Patent Litigation Statistics

Jay Kesan and Gwendolyn Ball of the University of Illinois performed a biased axe-grinding coupled to a limited statistical study of patent litigation. Given the results, their whining that "there is growing concern that the number of overbroad or so-called “bad” patents may be increasing" was unsubstantiated.

In the run-up to the study results, the authors lament that only 1% of U.S. patents face re-examination. Viewed in a different light, one might think that patent examiners do a decent job in the first round.

Two years of litigation cases were studied - 1995 and 1997, with only 23 cases of 3127 reviewed terminating prior to the Markman ruling, which substantially changed the litigation claim construction process.

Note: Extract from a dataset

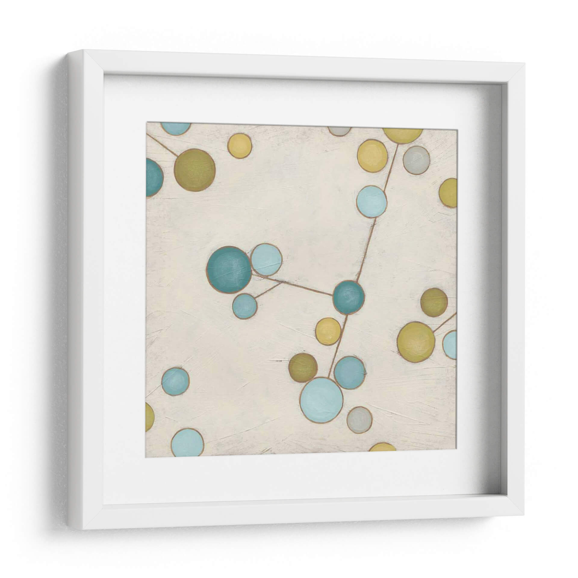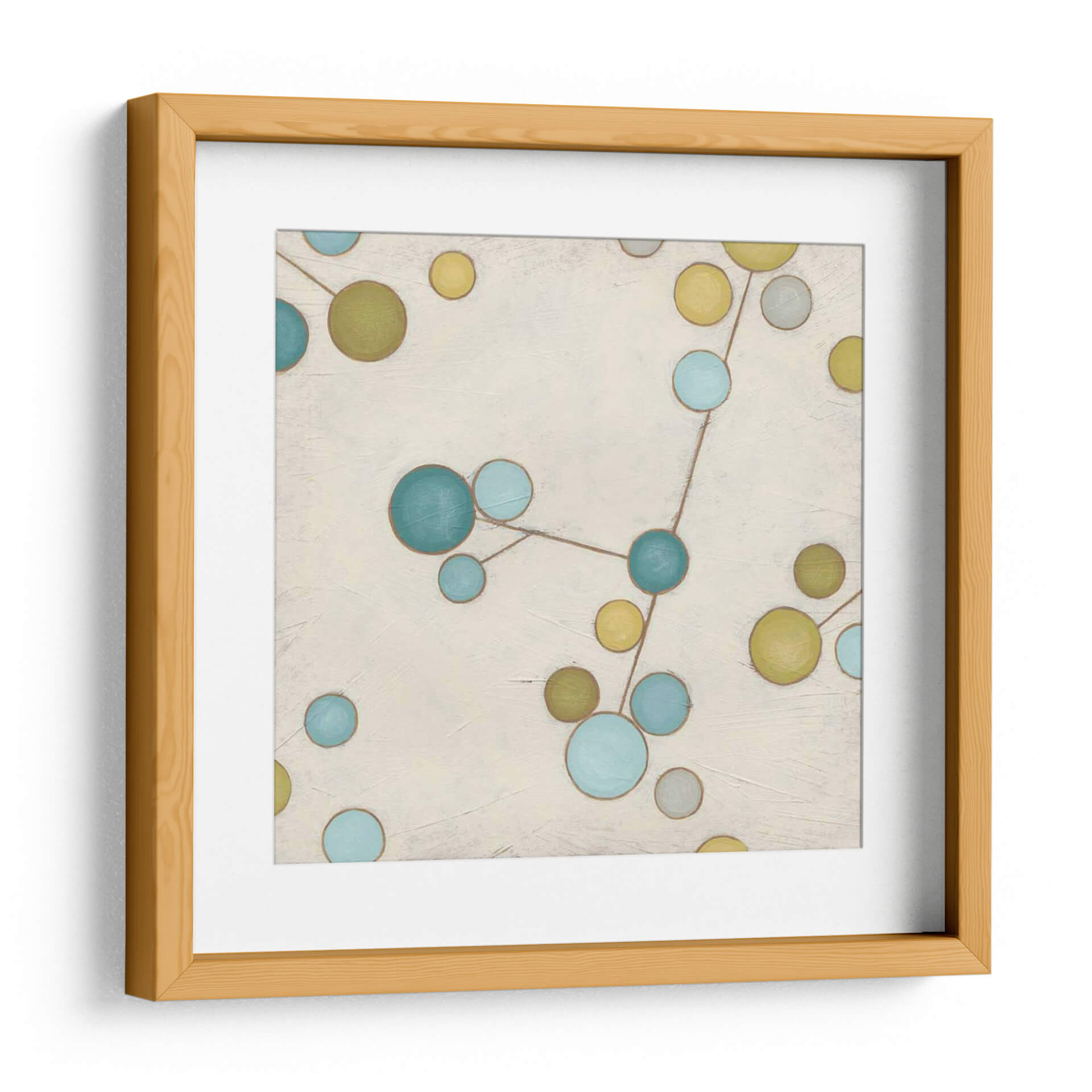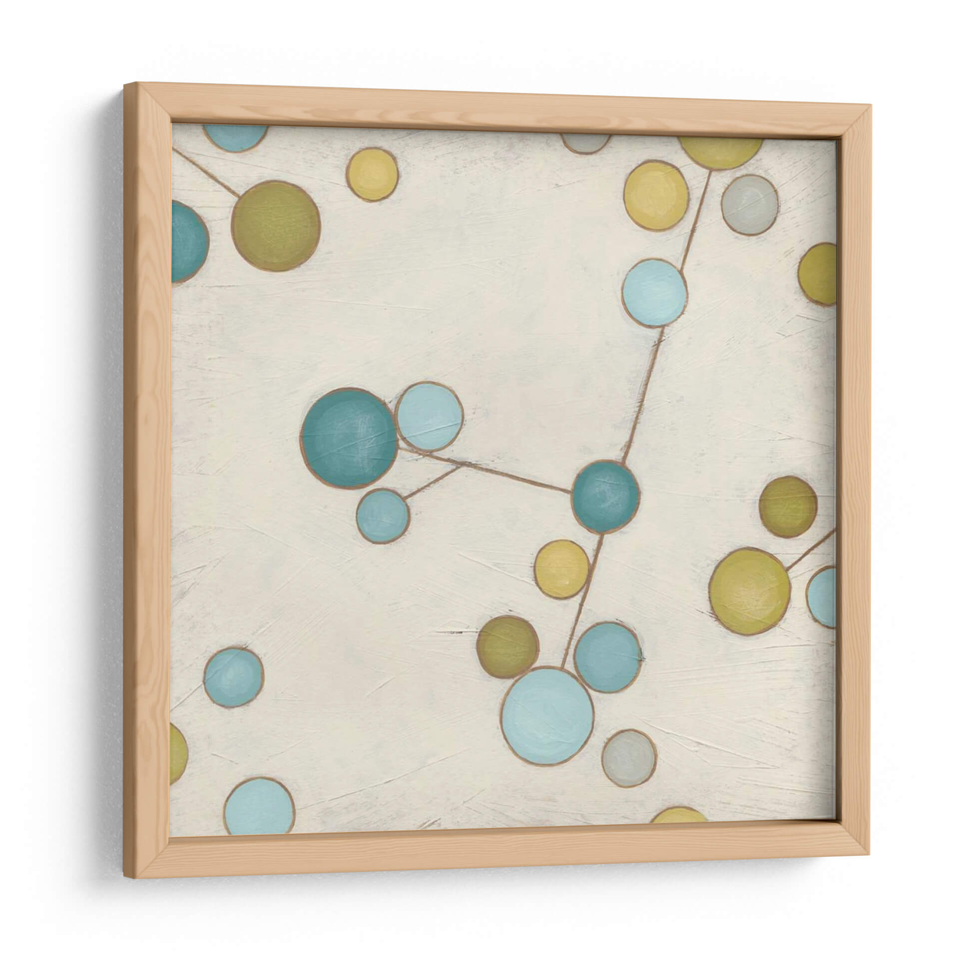 Sumérgete en la belleza etérea de 'Flores Moleculares I', una obra de arte contemporáneo que combina la abstracción con una delicada conexión visual. Las esferas en tonos azul cerúleo, verde oliva y amarillo mostaza se entrelazan a través de finas líneas marrones sobre un lienzo de fondo neutro y texturizado. Esta composición, que recuerda a una constelación o a la estructura de una molécula, evoca una sensación de orden y misterio en el universo. Los colores vibrantes pero suaves crean una atmósfera de calma y reflexión, perfecta para añadir un toque de sofisticación y pensamiento abstracto a tu hogar u oficina. Ideal para espacios modernos, minimalistas o eclécticos, este cuadro decorativo es un punto focal que invita a la contemplación y la conversación. Transforma tu sala de estar, dormitorio o estudio con esta pieza única que fusiona ciencia y arte de manera armoniosa. 'Flores Moleculares I' no es solo una decoración, es una ventana a la intrincada belleza del mundo que nos rodea, capturada con maestría por June Erica Vess.

The study found that only five percent (5%) of cases filed went the distance to a court ruling; 80% settle; the remaining 15% resulted in a ruling, half of those in summary judgment, the other half (7.5% total) went through trial.

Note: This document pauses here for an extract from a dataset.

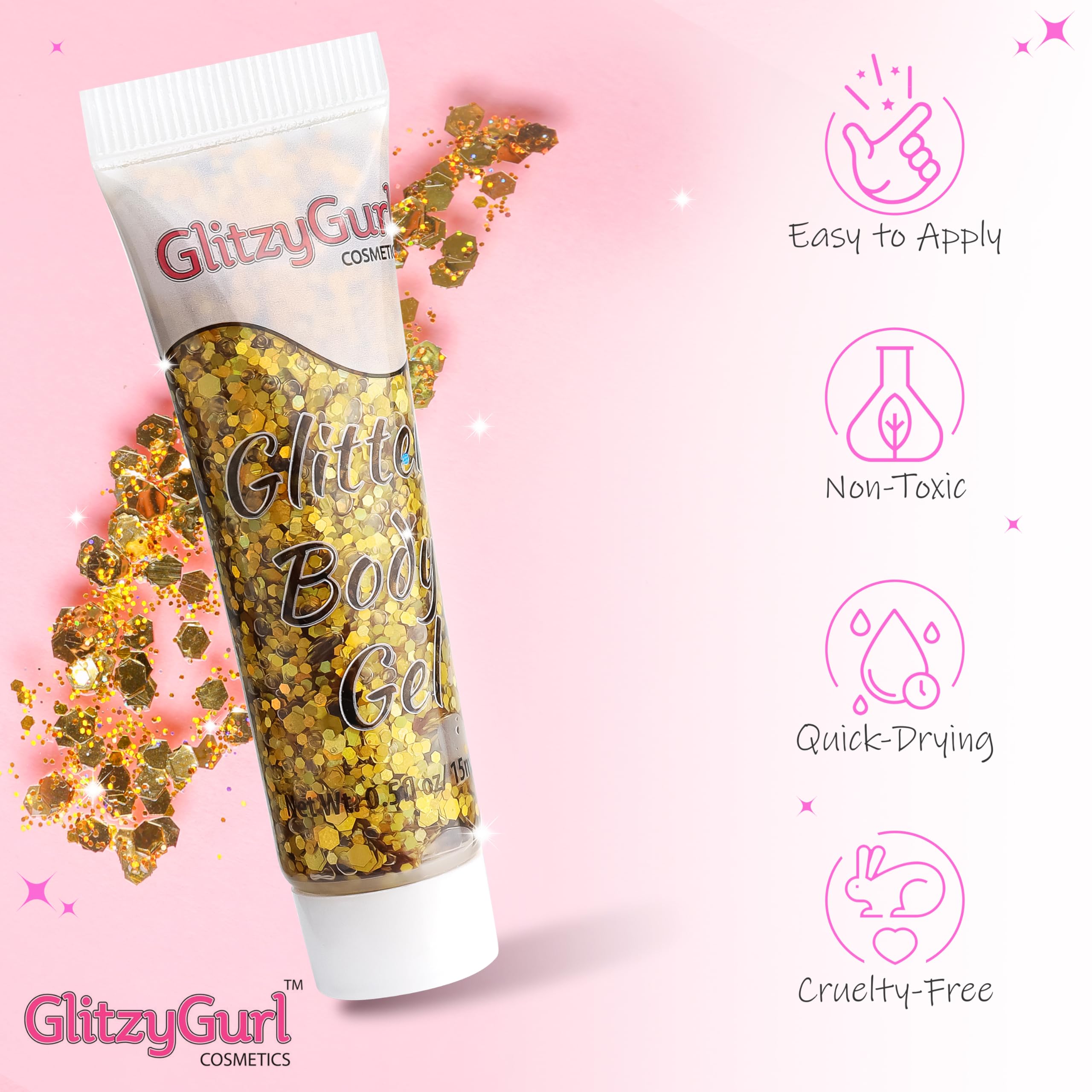 IMPROVE YOUR FUNKINESS BY ADDING CHUNKINESS! - GlitzyGurl chunky glitter gel tubes stand out from the crowd. Easy and quick to apply, our glitter gels are the ideal accessory for festivals, parties, concerts, nightclubs, or simply to give a bit of glam to everyday life!

At least 98% of asserted patent claims are valid. Only two percent (2%) of at least one claim asserted were ruled invalid. Rulings of invalidity tend to occur early in the litigation process - up to 75% by summary judgment. The upshot is that the court is consistently willing to entertain invalidity arguments early in the proceedings.

By contrast, a finding of infringement necessitated a trial in about 75% of cases, the other 25% by summary judgment.

Around 20% of the verdicts resulted in damage awards, which averaged around $5 million, though an undisclosed percentage of cases settled with money changing hands.

Only 19% of cases through trial verdict resulted in a permanent injunction, and only 7% of those case from summary judgment.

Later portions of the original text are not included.